▶ [WHAT TO PRODUCE] Transcribe all the entries word for word, skipping the pictures.

▶ [Records from a dataset]

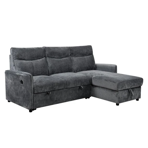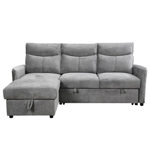 Minkštas kampas LUMEN leis stilingai mėgautis poilsiu su šeima ar priimti draugus į svečius. Kampinę sofą galima lengvai ištiesti patogaus transformavimo mechanizmo pagalba į plačią bei patogią miegamąją lovą. Po kampine dalimi yra patalynės dėžė.
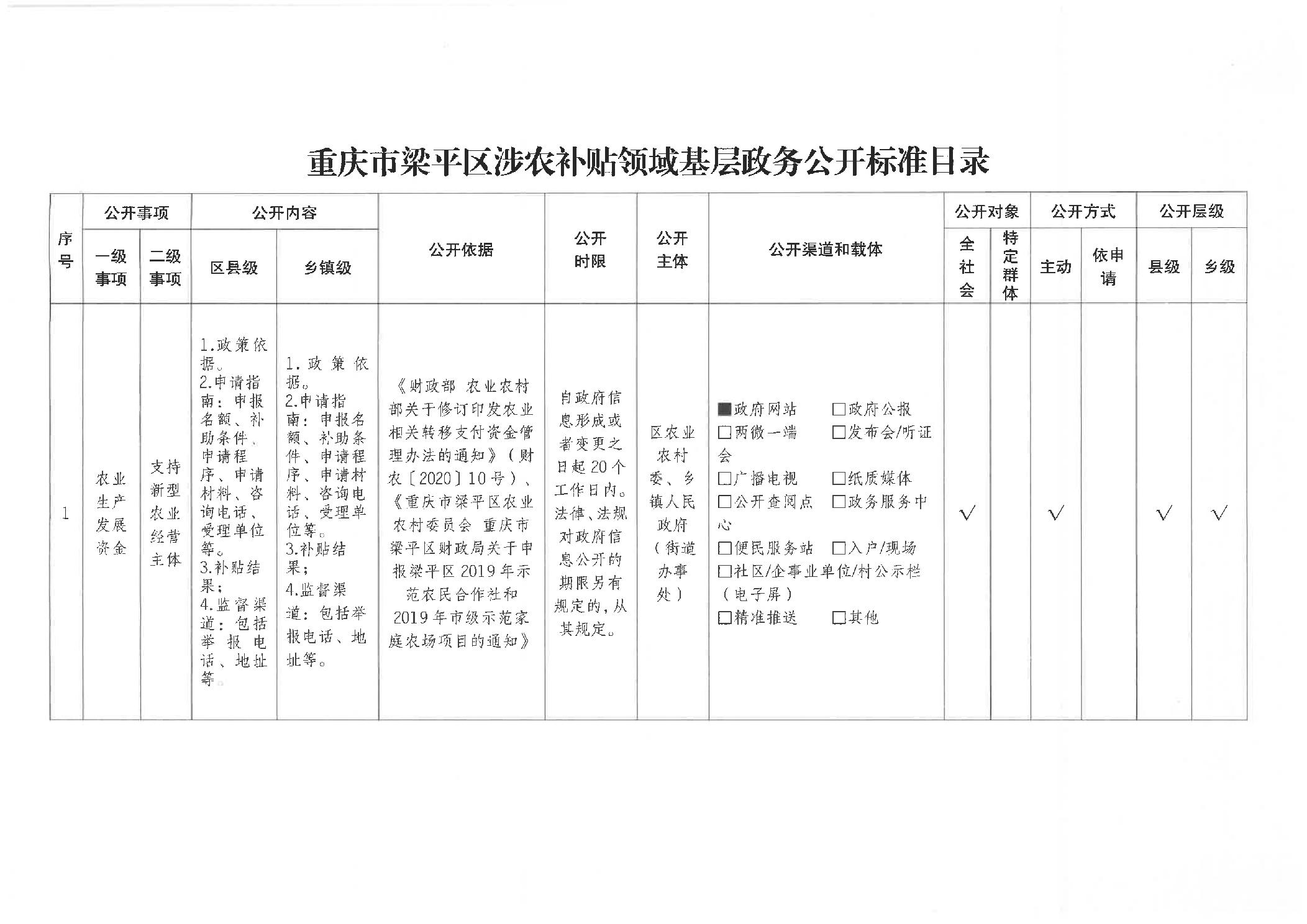 | 標題 | 重慶市梁平區回龍鎮涉農補貼領域基層政務公開標準目錄 | ||
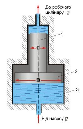 1 – плунжер малого діаметру; 2 – поршень великого
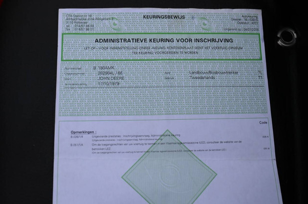 Brand: John Deere Type: 930 Serial number: 282984L Year of construction: 1979 Fuel: Gasoline Engine power: 42 HP Operating hours read: 3085 h Machine weight: 3440 kg Color: green
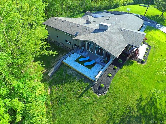 This custom dream home is absolutely stunning! You will instantly feel welcomed as you enter this spectacular home. The main living room has vaulted ceilings, wood burning fireplace, and is adorned with natural light. Just outside of the living room you will step out onto the new relaxing patio. Enjoy your morning coffee as you watch the sunrise. The kitchen is a chef's delight with granite countertops, huge center island, and one of four fireplaces. Comes complete with all appliances including gas 6 burner cooktop, Sub Zero freezer, dishwasher, convection oven/microwave, wall oven, and refrigerator...all stainless steel. Dining room is large and can accommodate any size family! Beautiful solid wood floors on main level lead to the private master suite. Huge 20x12 bedroom has its own balcony with a beautiful view of the yard. This master bath has double vanities, HUGE walk in shower, and tons of storage/closet space plus a heated marble tile flooring. There are two additional bedrooms on the main level plus another updated bath with double vanities and half bath. Downstairs you will find three more bedrooms plus another updated full bath. Follow the side doors to your entertainment oasis including huge indoor & inground pool. The ceiling has been updated to knotty pine...just beautiful! There is a wood deck surrounding the pool. Enjoy your beverage of choice while relaxing at the custom concrete bar. You can also enjoy another wood burning fireplace with stonework. Want to take the party outside? Just open the glass overhead garage door leading to the enormous deck and gorgeous, private backyard. Outside is a peaceful serene atmosphere with just over 1.6 acres. We are not done yet! There is a rec room or family room in the basement plus a workout room and fourth full bath with rainfall shower head. Perfect after a swim or exercise. BRAND NEW ROOF with complete tear off and new sheathing completed in July 2022. Peaceful and quiet but close to everything!

▶ [PROBLEM SOLUTION]
 Minkštas kampas LUMEN leis stilingai mėgautis poilsiu su šeima ar priimti draugus į svečius. Kampinę sofą galima lengvai ištiesti patogaus transformavimo mechanizmo pagalba į plačią bei patogią miegamąją lovą. Po kampine dalimi yra patalynės dėžė.
 | 標題 | 重慶市梁平區回龍鎮涉農補貼領域基層政務公開標準目錄 | ||
 1 – плунжер малого діаметру; 2 – поршень великого
 Brand: John Deere Type: 930 Serial number: 282984L Year of construction: 1979 Fuel: Gasoline Engine power: 42 HP Operating hours read: 3085 h Machine weight: 3440 kg Color: green
 This custom dream home is absolutely stunning! You will instantly feel welcomed as you enter this spectacular home. The main living room has vaulted ceilings, wood burning fireplace, and is adorned with natural light. Just outside of the living room you will step out onto the new relaxing patio. Enjoy your morning coffee as you watch the sunrise. The kitchen is a chef's delight with granite countertops, huge center island, and one of four fireplaces. Comes complete with all appliances including gas 6 burner cooktop, Sub Zero freezer, dishwasher, convection oven/microwave, wall oven, and refrigerator...all stainless steel. Dining room is large and can accommodate any size family! Beautiful solid wood floors on main level lead to the private master suite. Huge 20x12 bedroom has its own balcony with a beautiful view of the yard. This master bath has double vanities, HUGE walk in shower, and tons of storage/closet space plus a heated marble tile flooring. There are two additional bedrooms on the main level plus another updated bath with double vanities and half bath. Downstairs you will find three more bedrooms plus another updated full bath. Follow the side doors to your entertainment oasis including huge indoor & inground pool. The ceiling has been updated to knotty pine...just beautiful! There is a wood deck surrounding the pool. Enjoy your beverage of choice while relaxing at the custom concrete bar. You can also enjoy another wood burning fireplace with stonework. Want to take the party outside? Just open the glass overhead garage door leading to the enormous deck and gorgeous, private backyard. Outside is a peaceful serene atmosphere with just over 1.6 acres. We are not done yet! There is a rec room or family room in the basement plus a workout room and fourth full bath with rainfall shower head. Perfect after a swim or exercise. BRAND NEW ROOF with complete tear off and new sheathing completed in July 2022. Peaceful and quiet but close to everything!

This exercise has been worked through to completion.